*** Opening of DATA UNDER STUDY ***
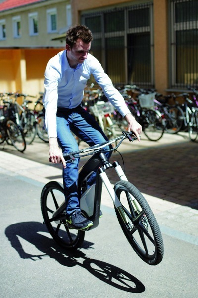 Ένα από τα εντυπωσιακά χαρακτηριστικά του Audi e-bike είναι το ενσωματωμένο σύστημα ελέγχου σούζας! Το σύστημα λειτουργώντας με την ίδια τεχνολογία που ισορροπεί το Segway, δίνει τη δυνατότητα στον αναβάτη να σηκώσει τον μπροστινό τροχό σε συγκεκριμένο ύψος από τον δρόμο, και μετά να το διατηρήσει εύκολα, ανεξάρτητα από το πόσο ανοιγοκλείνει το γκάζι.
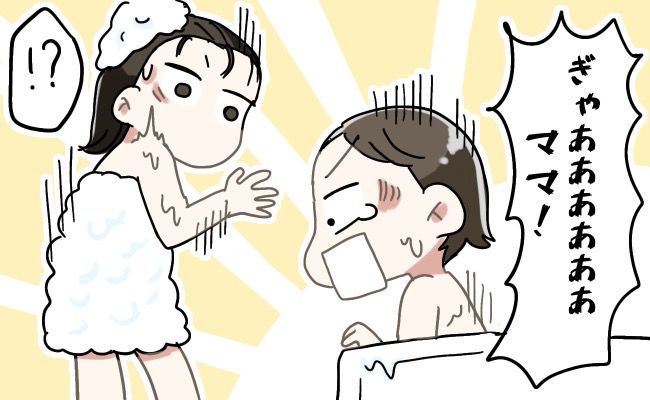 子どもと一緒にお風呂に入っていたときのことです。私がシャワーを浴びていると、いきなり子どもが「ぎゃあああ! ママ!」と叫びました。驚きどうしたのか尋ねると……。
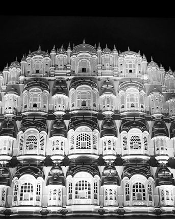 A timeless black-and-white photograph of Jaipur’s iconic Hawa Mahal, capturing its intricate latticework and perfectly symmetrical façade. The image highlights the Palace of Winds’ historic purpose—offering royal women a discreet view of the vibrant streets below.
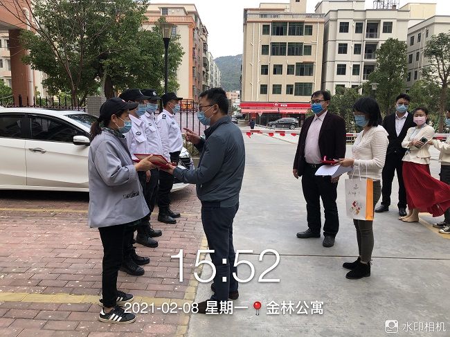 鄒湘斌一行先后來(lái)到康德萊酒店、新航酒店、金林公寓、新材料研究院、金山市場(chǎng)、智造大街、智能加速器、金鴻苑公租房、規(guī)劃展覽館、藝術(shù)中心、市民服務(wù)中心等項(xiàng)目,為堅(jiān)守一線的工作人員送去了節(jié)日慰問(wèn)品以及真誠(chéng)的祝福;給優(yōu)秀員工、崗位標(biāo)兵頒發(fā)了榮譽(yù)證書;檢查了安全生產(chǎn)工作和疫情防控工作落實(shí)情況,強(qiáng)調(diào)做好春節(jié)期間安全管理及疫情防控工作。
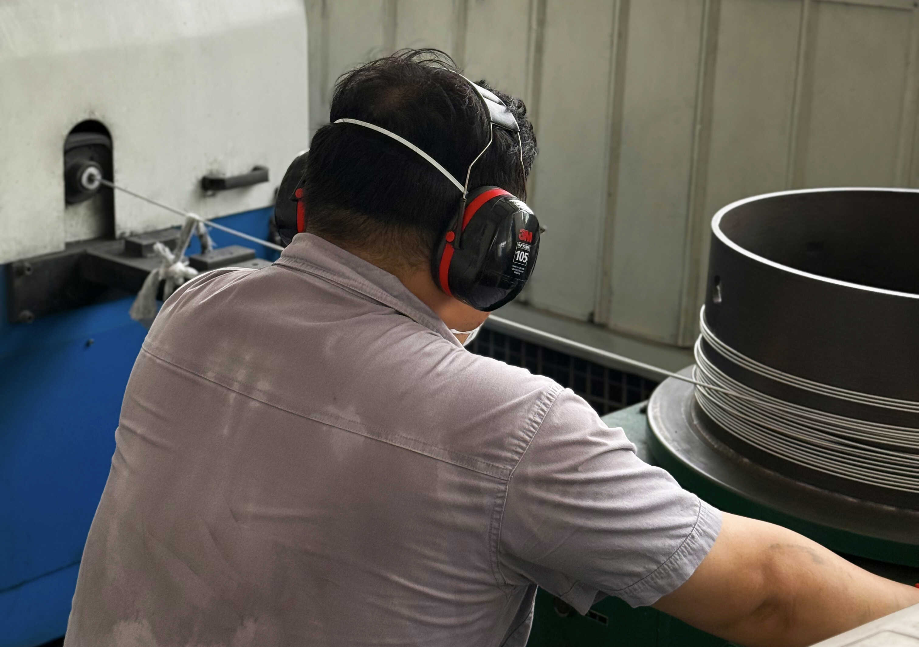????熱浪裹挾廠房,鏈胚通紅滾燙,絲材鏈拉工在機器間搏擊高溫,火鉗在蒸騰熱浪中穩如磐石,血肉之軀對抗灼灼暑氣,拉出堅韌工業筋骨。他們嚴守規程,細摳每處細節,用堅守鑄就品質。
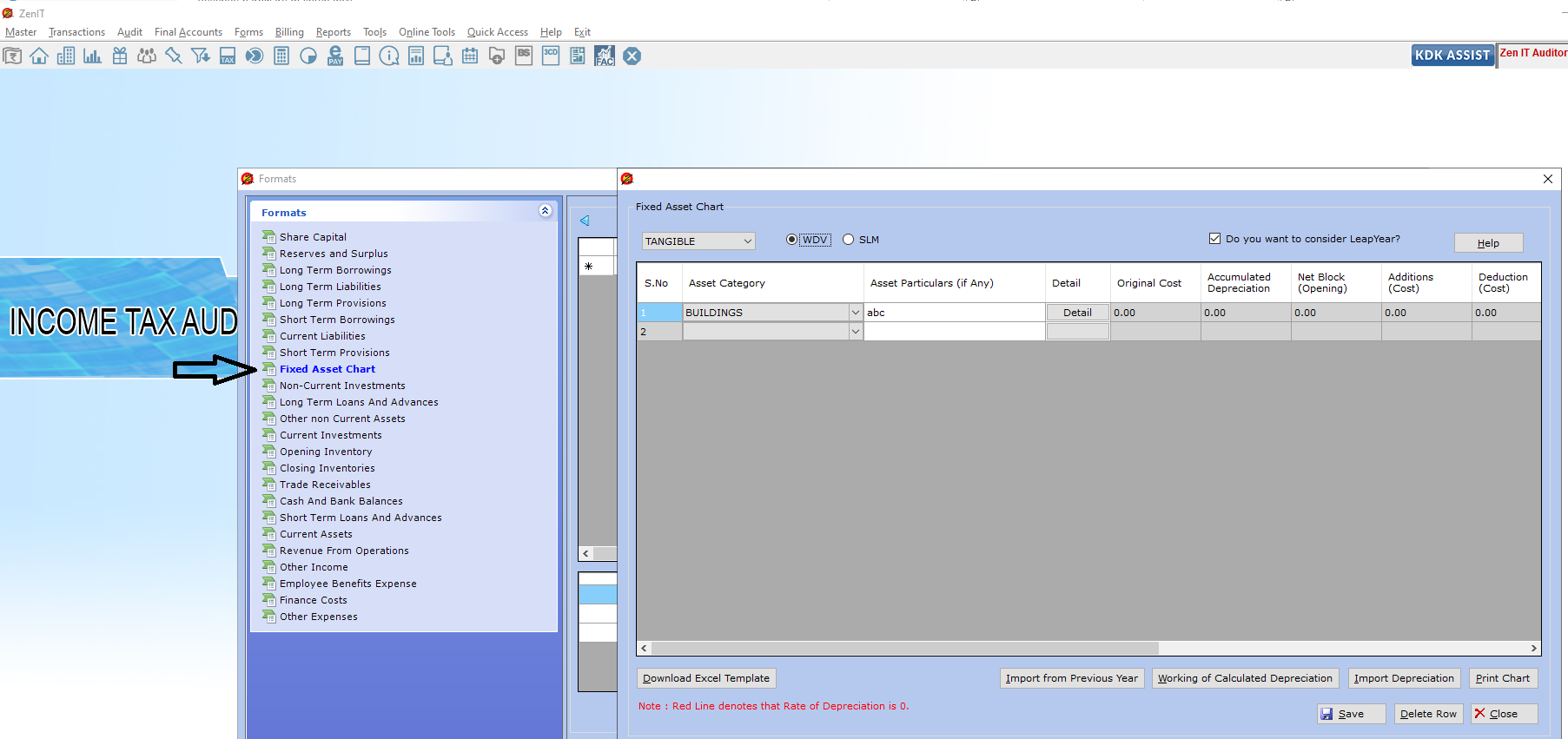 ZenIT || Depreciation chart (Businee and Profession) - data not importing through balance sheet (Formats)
*** Close of DATA UNDER STUDY ***
*** Opening of DATA UNDER STUDY ***
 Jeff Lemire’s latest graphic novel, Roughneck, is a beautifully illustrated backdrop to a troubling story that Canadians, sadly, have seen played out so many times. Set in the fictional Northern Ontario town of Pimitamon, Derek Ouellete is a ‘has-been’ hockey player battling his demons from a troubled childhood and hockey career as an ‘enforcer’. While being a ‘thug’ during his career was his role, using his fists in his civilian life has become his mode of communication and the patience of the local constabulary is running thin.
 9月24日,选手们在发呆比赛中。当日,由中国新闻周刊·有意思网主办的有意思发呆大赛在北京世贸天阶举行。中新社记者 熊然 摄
*** Close of DATA UNDER STUDY ***
*** Opening of DATA UNDER STUDY ***
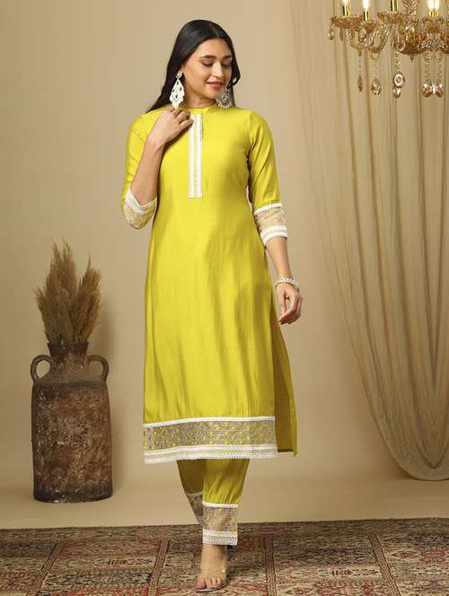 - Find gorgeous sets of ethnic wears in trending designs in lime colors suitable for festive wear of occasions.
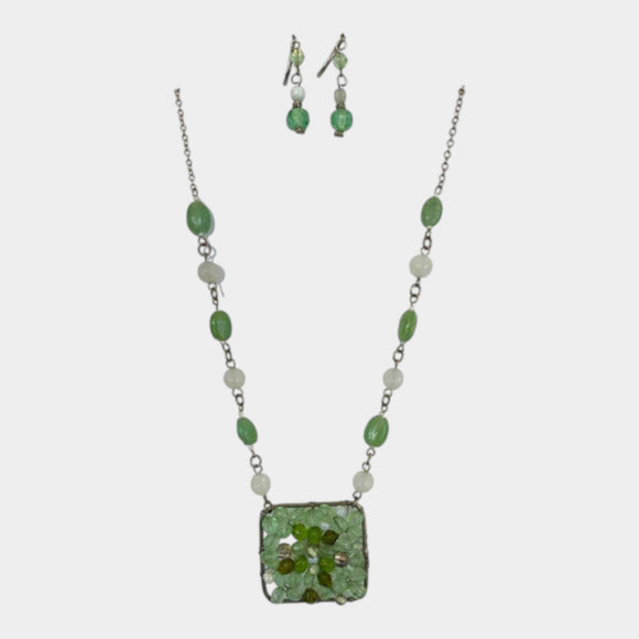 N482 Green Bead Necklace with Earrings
*** Close of DATA UNDER STUDY ***
### WHAT YOU WILL DO:
Would you please reproduce the entries above, starting at the line with "Ένα από τα εντυπωσιακά" and stopping after the line with "子どもと一緒にお風呂に入って"? Omit any pictures.

### SOLUTION FOR THIS EXERCISE:
 Ένα από τα εντυπωσιακά χαρακτηριστικά του Audi e-bike είναι το ενσωματωμένο σύστημα ελέγχου σούζας! Το σύστημα λειτουργώντας με την ίδια τεχνολογία που ισορροπεί το Segway, δίνει τη δυνατότητα στον αναβάτη να σηκώσει τον μπροστινό τροχό σε συγκεκριμένο ύψος από τον δρόμο, και μετά να το διατηρήσει εύκολα, ανεξάρτητα από το πόσο ανοιγοκλείνει το γκάζι.
 子どもと一緒にお風呂に入っていたときのことです。私がシャワーを浴びていると、いきなり子どもが「ぎゃあああ! ママ!」と叫びました。驚きどうしたのか尋ねると……。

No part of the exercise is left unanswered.